His research centers on predicting and characterizing the behavior of concrete through machine learning and data-informed techniques. He integrates artificial neural networks and physics-informed neural networks to study thermal, mechanical, and moisture-related characteristics in complex concrete systems.

Work Experience

He has contributed to academic research environments through active involvement in laboratory-based investigations and computational analysis. His role includes developing data-driven methodologies for understanding heterogeneous concrete behavior and bridging experimental findings with predictive modeling. He has also participated in collaborative research that links advanced simulations with material characterization, enhancing interdisciplinary insight into structural performance.

Key Contributions

His contributions significantly advance the understanding of thermal and mechanical behavior in large-scale concrete structures. By implementing inverse estimation approaches using neural network frameworks, he has improved the accuracy of predicting internal temperature rise and moisture diffusion in mass concrete. His work introduces efficient methods for quantifying behavioral parameters even when physical observations are limited or affected by noise, reducing experimental dependency. These developments support sustainable and intelligent engineering practices and promote cost-efficient evaluation of material properties through computational innovation.

Awards & Recognition

His academic achievements and growing research influence have led to nomination for the Best Researcher Award. His work has drawn attention for combining civil engineering principles with artificial intelligence to solve emerging challenges in structural materials research.

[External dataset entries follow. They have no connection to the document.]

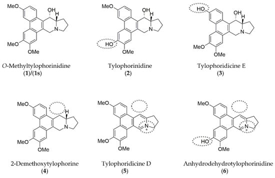 - Huang, X.; Gao, S.; Fan, L.; Yu, S.; Liang, X. Cytotoxic Alkaloids from the Roots of Tylophora atrofolliculata. Planta Med. 2004, 70, 441–445. [Google Scholar] [CrossRef]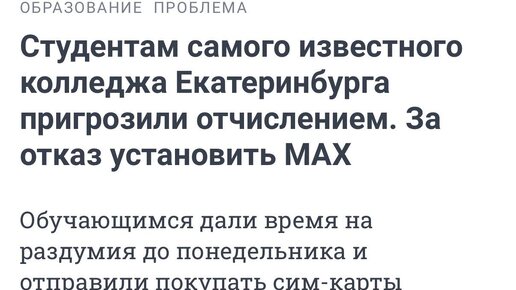 Департамент информационной политики в свою очередь заверил, что отсутствие у студента аккаунта в отечественном приложении не является основанием для отчисления. В одном из самых известных колледжей Екатеринбурга произошёл скандал из-за мессенджера MAX. Заведующая одного из отделений колледжа имени Ползунова собрала студентов и потребовала установить приложение «для получения официальной информации об образовательном процессе». При этом она заставила учащихся написать заявление на имя директора об отчислении по собственному желанию...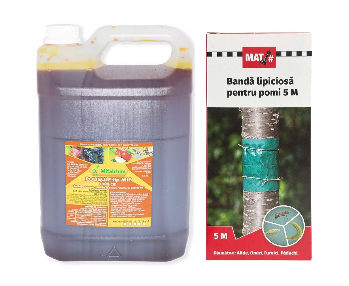 Pachet SMART-MIX 237 - POLISULF 5 L, Polisulfura de Calciu + Banda lipicioasa pentru pomi MAT 14 cm x 5 m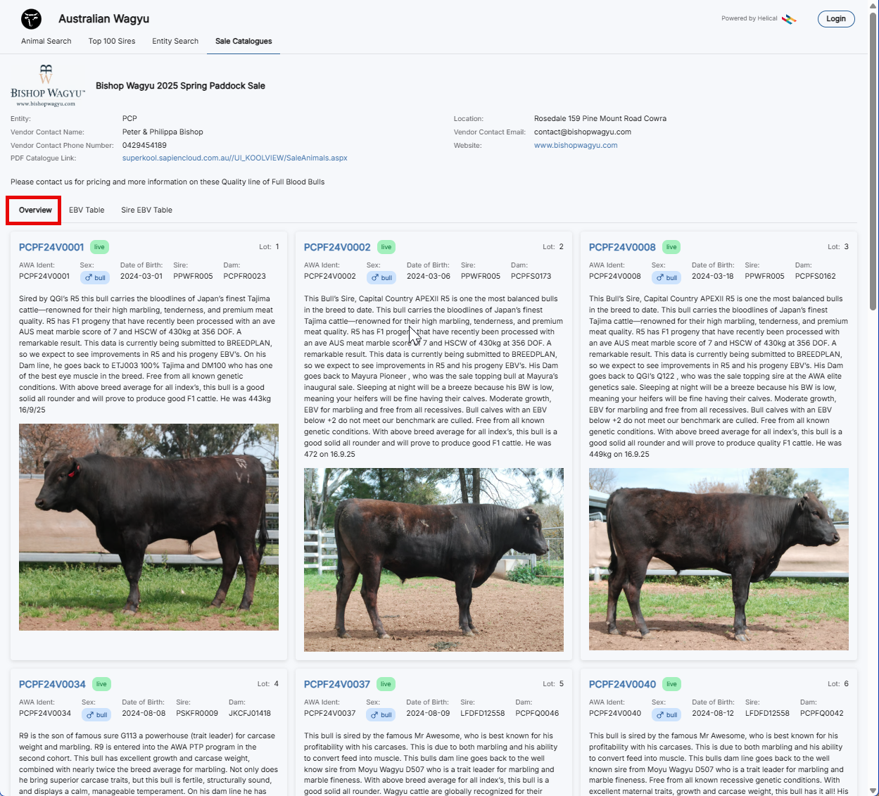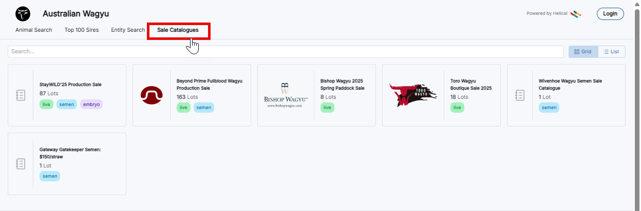 The catalogues will display with tabs as to whether there are live lots, semen lots, embryo lots, or a combination contained.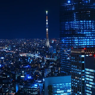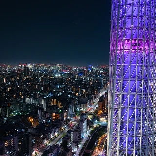 江戸紫をまとった、優美で雅やかなライティング。日本の伝統色である江戸紫が、夜空に上品な華やかさを添えます。粋とは対照的な、艶やかで気品ある光の表情が、東京の夜景に深みを与えます。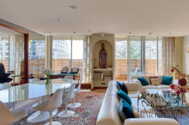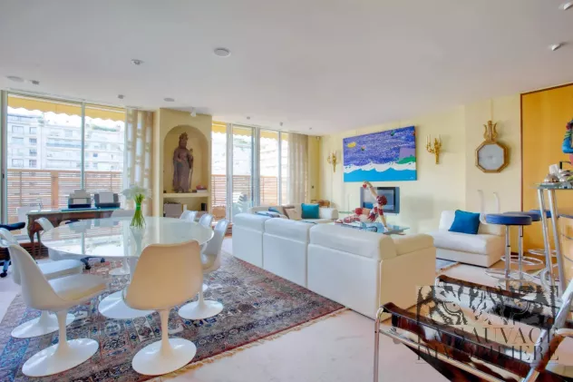 Idéalement situé au cœur du très prisé 16ᵉ arrondissement, à proximité immédiate du Bois de Boulogne, cet appartement traversant de 125,73 m² (loi Carrez) se situe au cinquième étage d’un immeuble de standing.
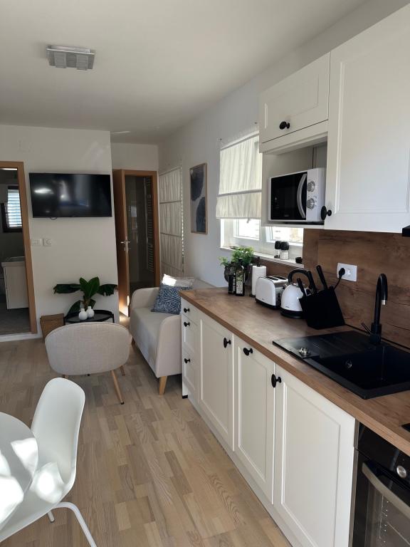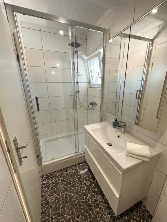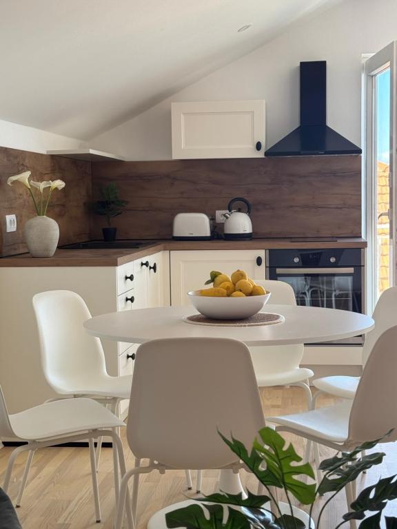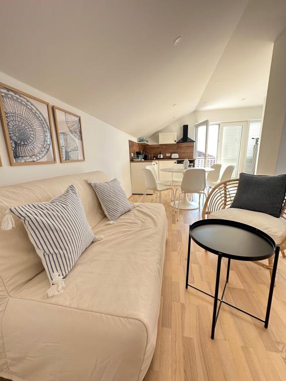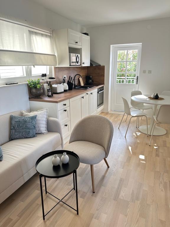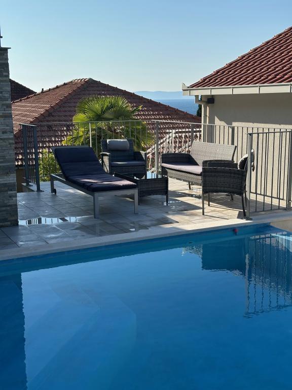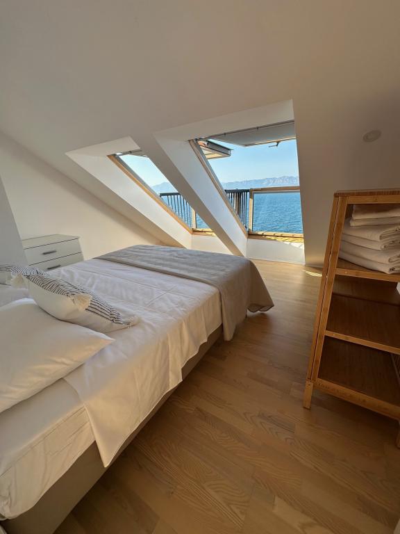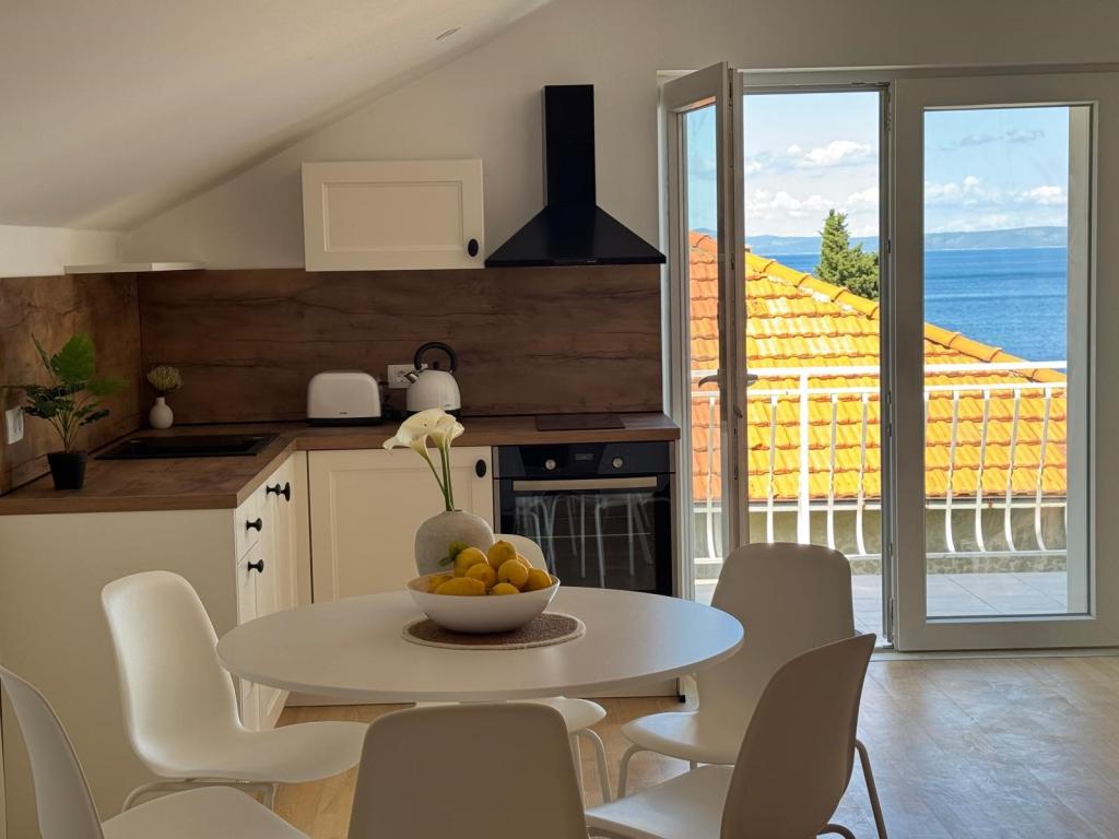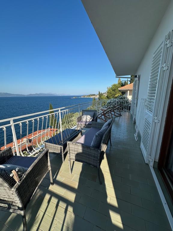 Completely and modernly furnished apartments in a quiet area, located second row to the sea; The facility is located a 15-minute walk to the center and a 10-minute walk to the pebble beach or just 20-30 meters from a rocky or concrete beach. Apartment 2 is rented with a private infinity pool with sun loungers and a shower and a beautiful sea view. Each apartment is equipped with two modern bathrooms with underfloor heating.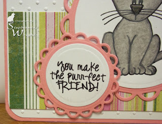 If you know me IRL (in real life), you know I LOVE cats. So, when I saw this Purfect Friend digi set from Sweet 'n Sassy Stamps, I just HAD to have it. :) We have three cats and "my" cat is a Russian Blue named Sasha. {I emphasized the "my" because if you know cats: they don't have owners, they have staff.} So, I chose to color the kitty on my card gray in her honor. I used SSS102 for my card design.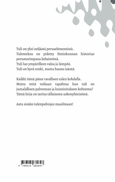 Tuli on yksi neljästä peruselementistä. Tulentekoa on pidetty ihmiskunnan historian perustavimpana keksintönä. Tuli luo ympärilleen valoa ja lämpöä. Tuli on hyvä renki, mutta huono isäntä. Kaikki tämä pätee tavallisen tulen kohdalla. Mutta mitä voikaan tapahtua kun tuli on jumalallisen palvonnan ja kunnioituksen kohteena? Tämä kirja on tarina tällaisesta uskonyhteisöstä. Astu sisään tulenpalvojan maailmaan!
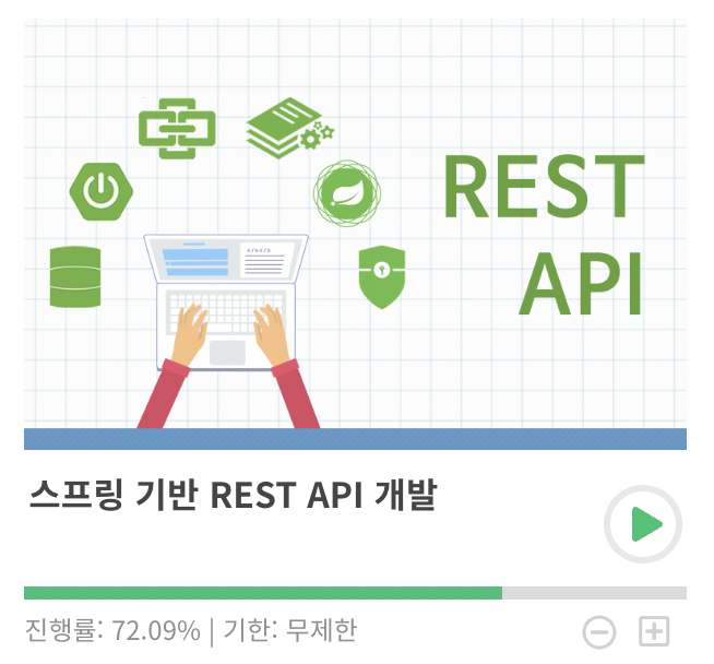 rest api를 조금더 깊이있게 공부하기위 해서 지난주부터 듣기 시작한 강의를 72% 까지 들었다.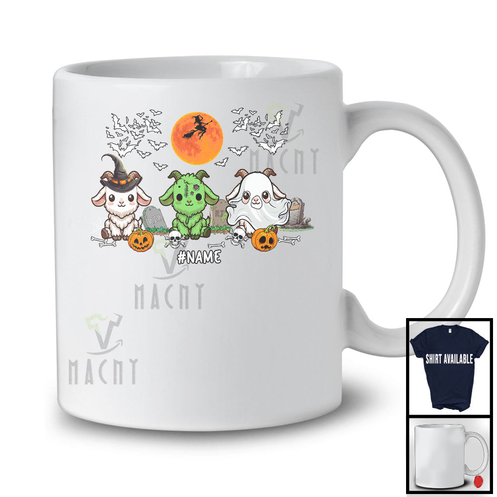 Personalized Custom Name Three Costume Goat; Creepy Halloween Witch Zombie Boo; Animal T-Shirt. This cotton t-shirt is a durable staple product with a classic fit. One of the most popular items, it has a relaxed style made for everyday and casual wear.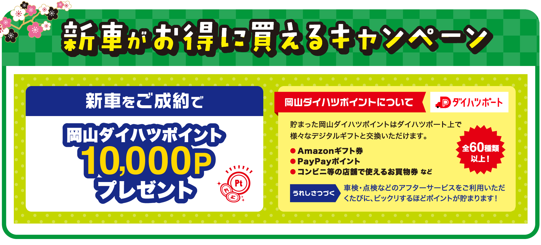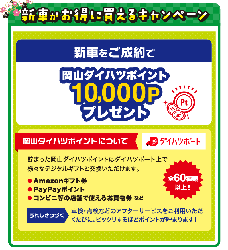 ■2026年1月4日~1月12日までに新車をご成約いただくと、ダイハツポイント10,000ポイントをプレゼントいたします。/岡山ダイハツポイントについて…*記載の内容は2025年12月時点の内容です。*本サービスのご利用には予めダイハツポートへの会員登録が必要です。*登録料・年会費は無料です。*ポイントはダイハツポート上で様々な商品・サービスと交換いただけます。*ポイントの有効期限はそれぞれ発行日から2年後の月末です。*過去のご利用実績に遡って付与はできません。*ポイントの他人への貸与や譲渡、及び残高の換金、並びに会員様間でのポイントの合算・移行はできません。*スマートフォンの機種や通信環境等によってご利用いただけない場合がございます。*交換ポイント数、及び付与内容は都合により予告なく変更・中止する場合がございます。*本サービスは会員規約に基づきご提供するものといたします。*会員規約はダイハツポートにログイン後ご確認いただけます。*詳しくは 岡山ダイハツホームページをご確認ください。※岡山ダイハツ直営14店舗のみ有効です。 ■既にご成約済みの車両に遡って適用することはできません。■このキャンペーンは予告なく終了する場合がございます。■詳しくはスタッフまでお問い合わせください。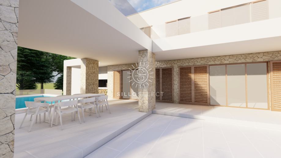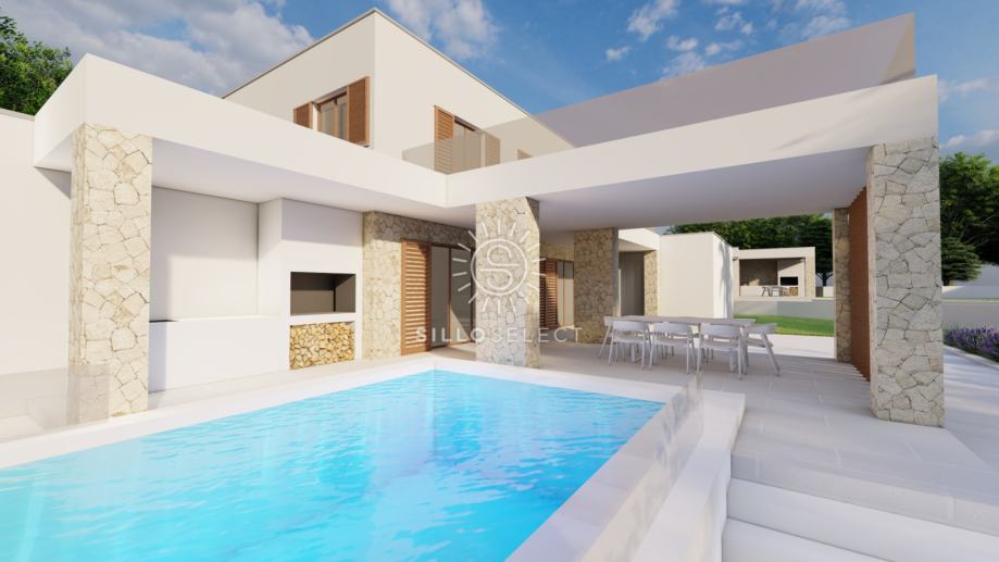 Vanjski prostor: Prostrana terasa koja se neprimjetno spaja s unutrašnjim dijelom, vanjski roštilj, privatni bazen (33,75 m²)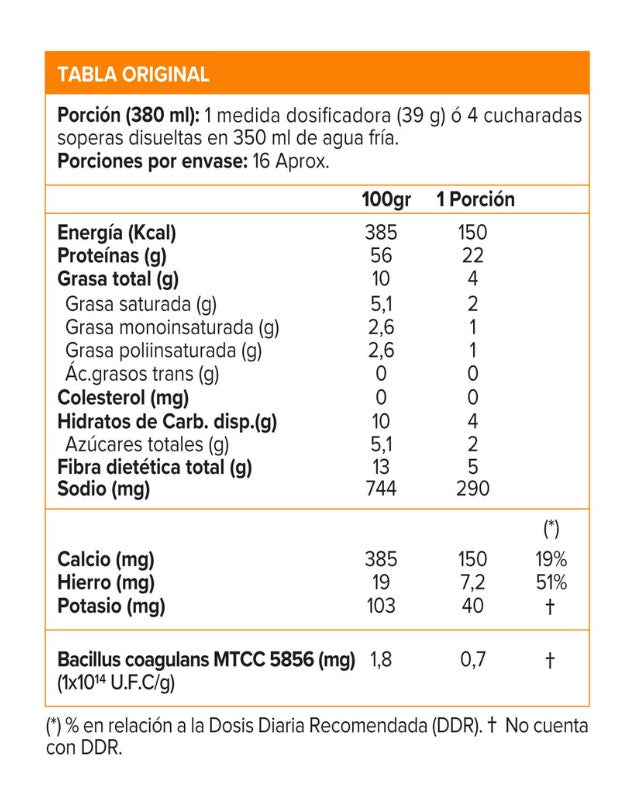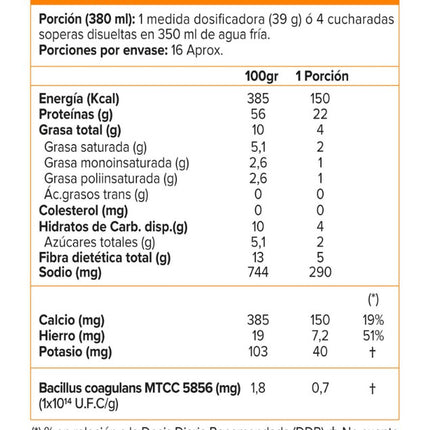 MODO DE USO: Agregar a un vaso mezclador una porción del producto con 350 ml de agua fría, agitar hasta lograr una mezcla homogénea.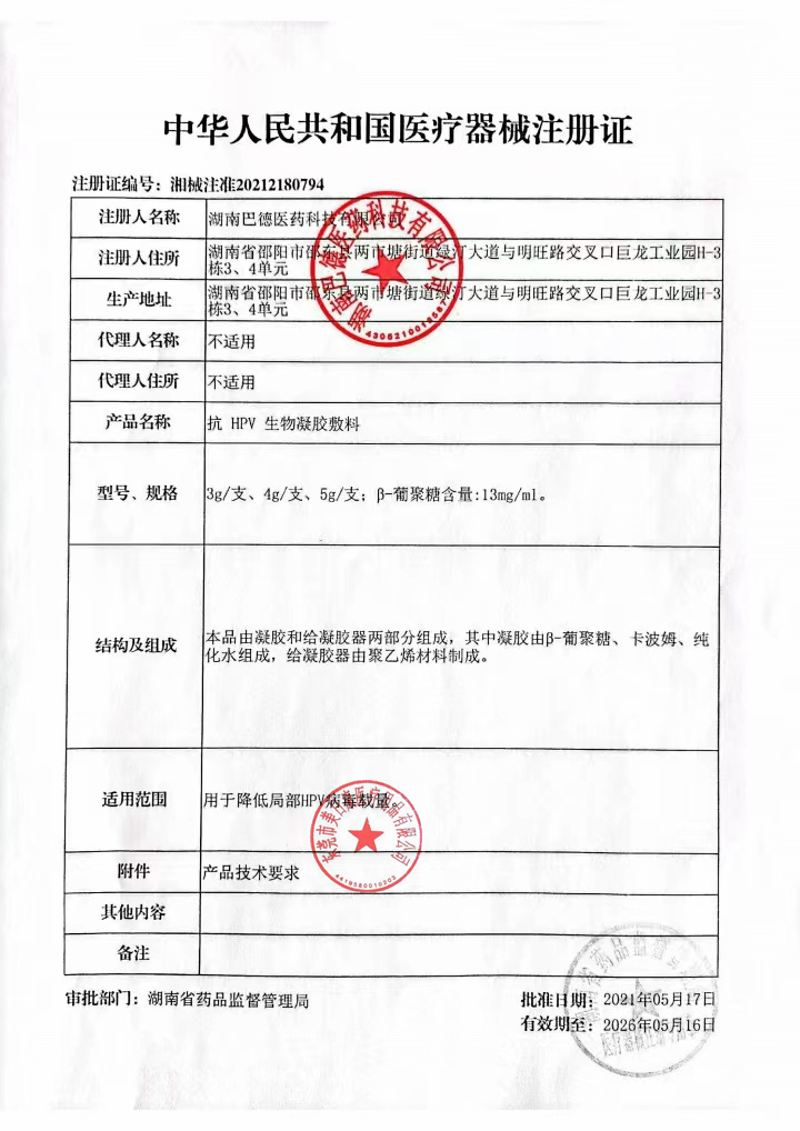俏安婷抗HPV生物凝膠敷料由凝膠和給凝膠器兩部分組成,其中凝膠由β-葡聚糖、卡波姆、純化水組成,給凝膠器由聚乙烯材料制成。用于降低局部HPV病毒載量。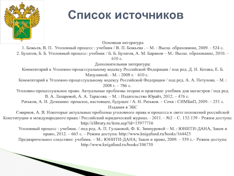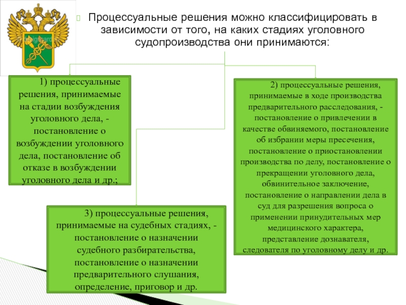 2) процессуальные решения, принимаемые в ходе производства предварительного расследования, - постановление о привлечении в качестве обвиняемого, постановление об избрании меры пресечения, постановление о приостановлении производства по делу, постановление о прекращении уголовного дела, обвинительное заключение, постановление о направлении дела в суд для разрешения вопроса о применении принудительных мер медицинского характера, представление дознавателя, следователя по уголовному делу и др.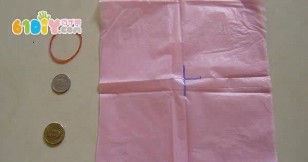 手工材料:塑胶袋一个、硬币一个、橡皮筋一条、剪刀

Professional Roles & Memberships

He is an active member of major technical organizations, including the Korea Concrete Institute and the Korea Institute for Structural Maintenance and Inspection. His involvement reflects commitment to professional development and knowledge dissemination within the concrete engineering community. He also participates in collaborative initiatives involving machine learning applications in material sciences, contributing to interdisciplinary research networks.

Publication Profile

Scopus

Featured Publications

Lee, J. M., & Lee, C. J. Inverse estimation of moisture diffusion model for concrete using artificial neural network.

Lee, J. M., Zhang, W., Lee, D., & Lee, C. Residual strength of concrete subjected to fatigue based on a machine learning technique.

Impact Statement / Vision

His long-term vision is to develop intelligent frameworks that enhance predictive accuracy and reduce experimental burden in concrete engineering. By combining deep learning, physics-based modeling, and structural material science, his work aspires to advance next-generation concrete technologies. He aims to contribute solutions that support sustainability, efficiency, and innovation in civil and structural engineering research.